The task calls for the lines from the start of the entries below through the line with "セクシーなセクシーなサスペン", given again verbatim, with every picture dropped.

◆ ◆ ◆

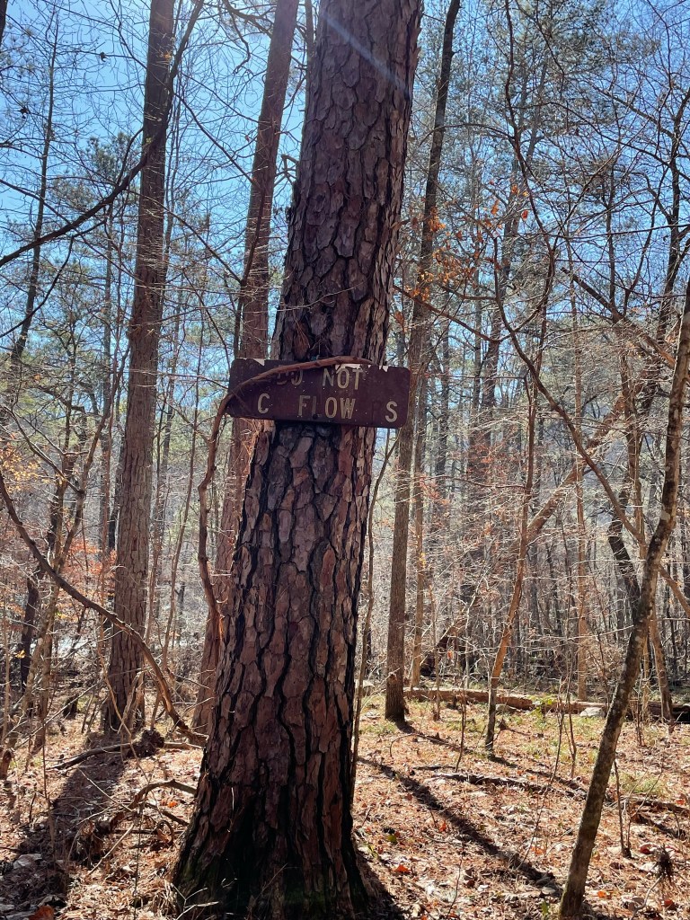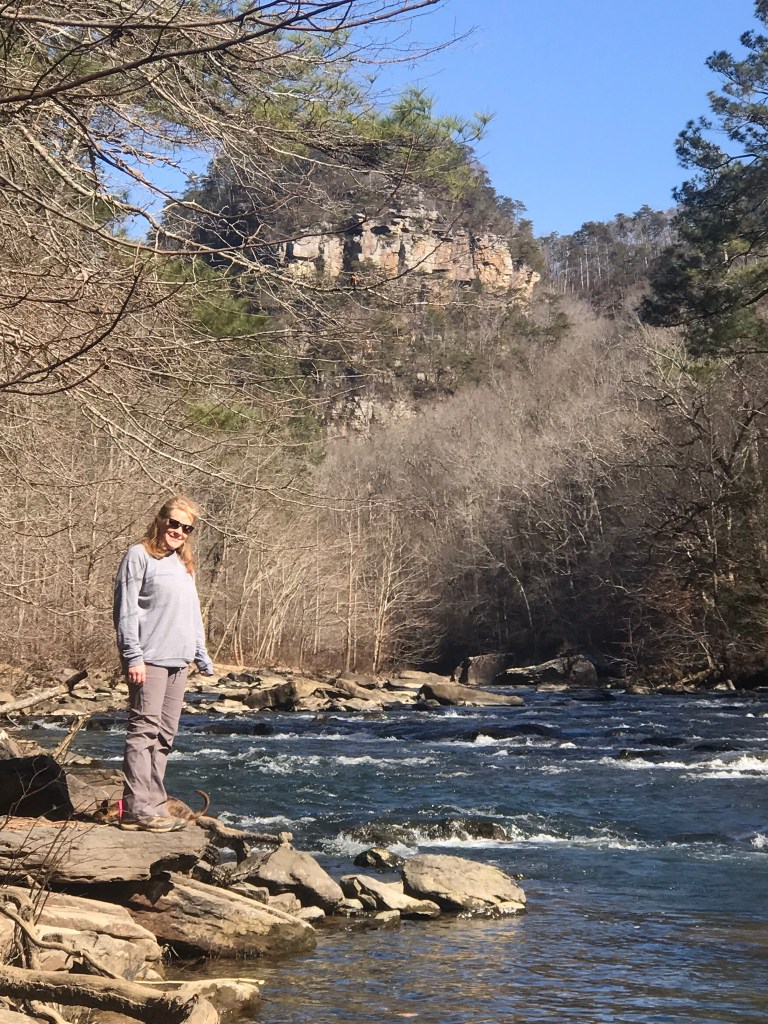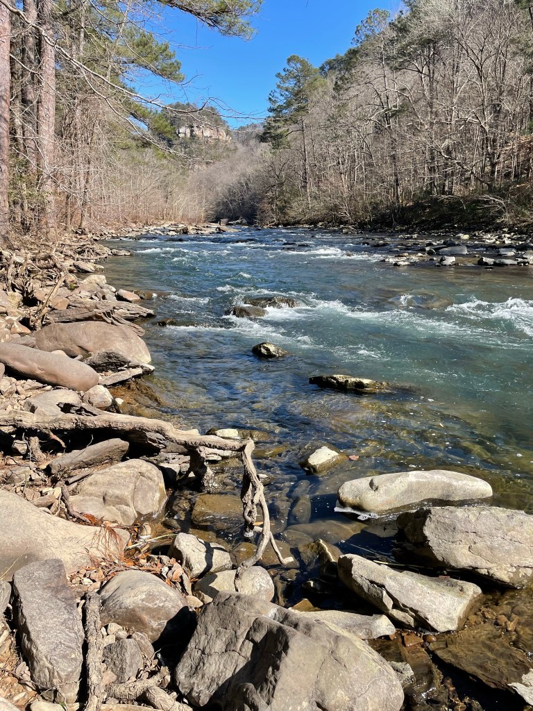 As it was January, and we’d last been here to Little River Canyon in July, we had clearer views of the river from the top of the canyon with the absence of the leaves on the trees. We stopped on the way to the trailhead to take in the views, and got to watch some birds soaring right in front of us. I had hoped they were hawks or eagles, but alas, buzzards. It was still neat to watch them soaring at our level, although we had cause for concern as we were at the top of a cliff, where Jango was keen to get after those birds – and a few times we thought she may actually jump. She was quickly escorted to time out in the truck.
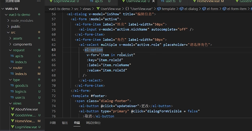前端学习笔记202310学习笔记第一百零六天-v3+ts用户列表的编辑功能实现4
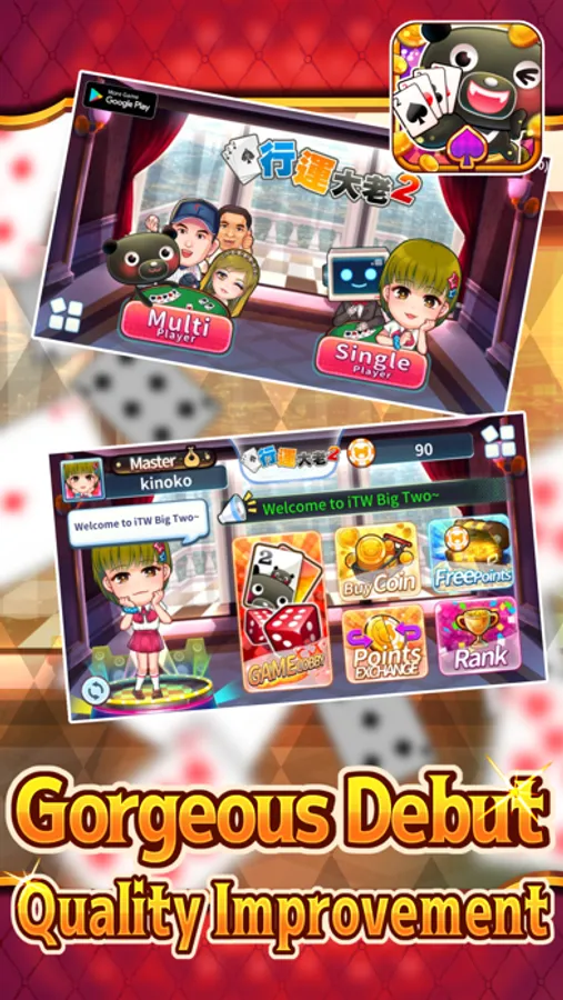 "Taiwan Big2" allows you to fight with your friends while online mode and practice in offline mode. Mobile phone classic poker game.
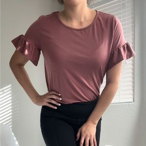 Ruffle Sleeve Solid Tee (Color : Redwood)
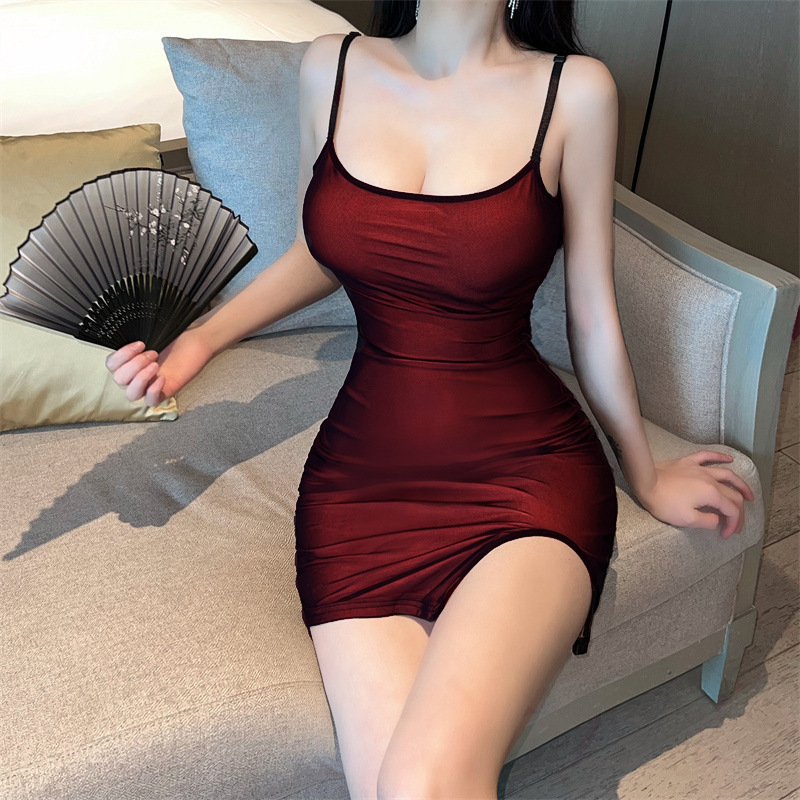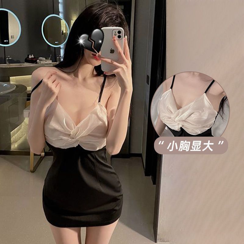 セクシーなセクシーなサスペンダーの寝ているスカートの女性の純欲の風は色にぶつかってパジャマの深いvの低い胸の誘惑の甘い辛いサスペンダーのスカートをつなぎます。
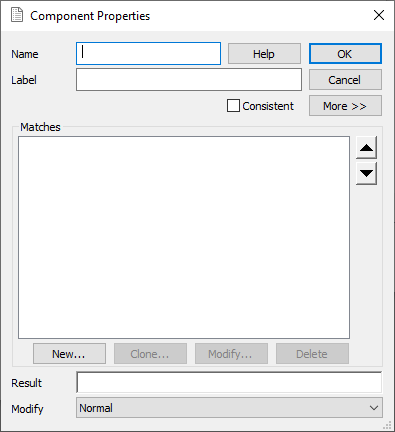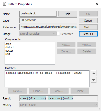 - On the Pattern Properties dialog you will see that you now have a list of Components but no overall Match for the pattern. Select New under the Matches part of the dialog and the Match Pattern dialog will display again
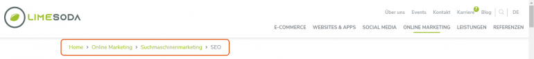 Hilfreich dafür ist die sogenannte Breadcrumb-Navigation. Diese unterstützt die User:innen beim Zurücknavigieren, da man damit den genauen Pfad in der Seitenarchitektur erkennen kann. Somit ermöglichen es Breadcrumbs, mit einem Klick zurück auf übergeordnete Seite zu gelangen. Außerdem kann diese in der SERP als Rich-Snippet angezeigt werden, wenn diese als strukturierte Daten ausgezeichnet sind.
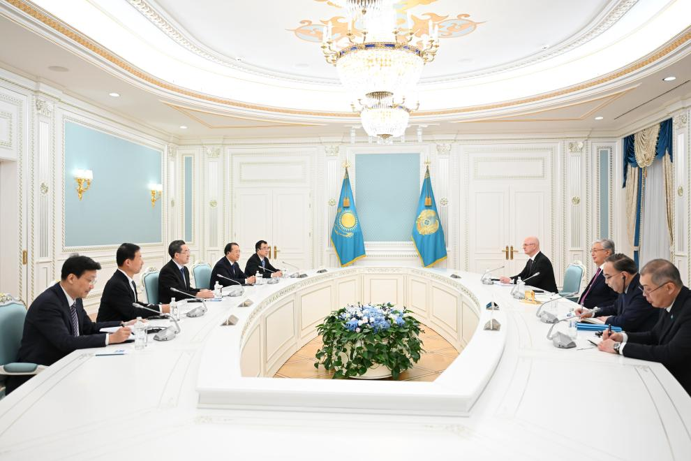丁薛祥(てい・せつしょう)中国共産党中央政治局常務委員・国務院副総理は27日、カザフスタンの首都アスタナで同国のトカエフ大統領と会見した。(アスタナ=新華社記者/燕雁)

◆ ◆ ◆

• **Completed exercise**
 As it was January, and we’d last been here to Little River Canyon in July, we had clearer views of the river from the top of the canyon with the absence of the leaves on the trees. We stopped on the way to the trailhead to take in the views, and got to watch some birds soaring right in front of us. I had hoped they were hawks or eagles, but alas, buzzards. It was still neat to watch them soaring at our level, although we had cause for concern as we were at the top of a cliff, where Jango was keen to get after those birds – and a few times we thought she may actually jump. She was quickly escorted to time out in the truck.
前端学习笔记202310学习笔记第一百零六天-v3+ts用户列表的编辑功能实现4
 "Taiwan Big2" allows you to fight with your friends while online mode and practice in offline mode. Mobile phone classic poker game.
 Ruffle Sleeve Solid Tee (Color : Redwood)
 セクシーなセクシーなサスペンダーの寝ているスカートの女性の純欲の風は色にぶつかってパジャマの深いvの低い胸の誘惑の甘い辛いサスペンダーのスカートをつなぎます。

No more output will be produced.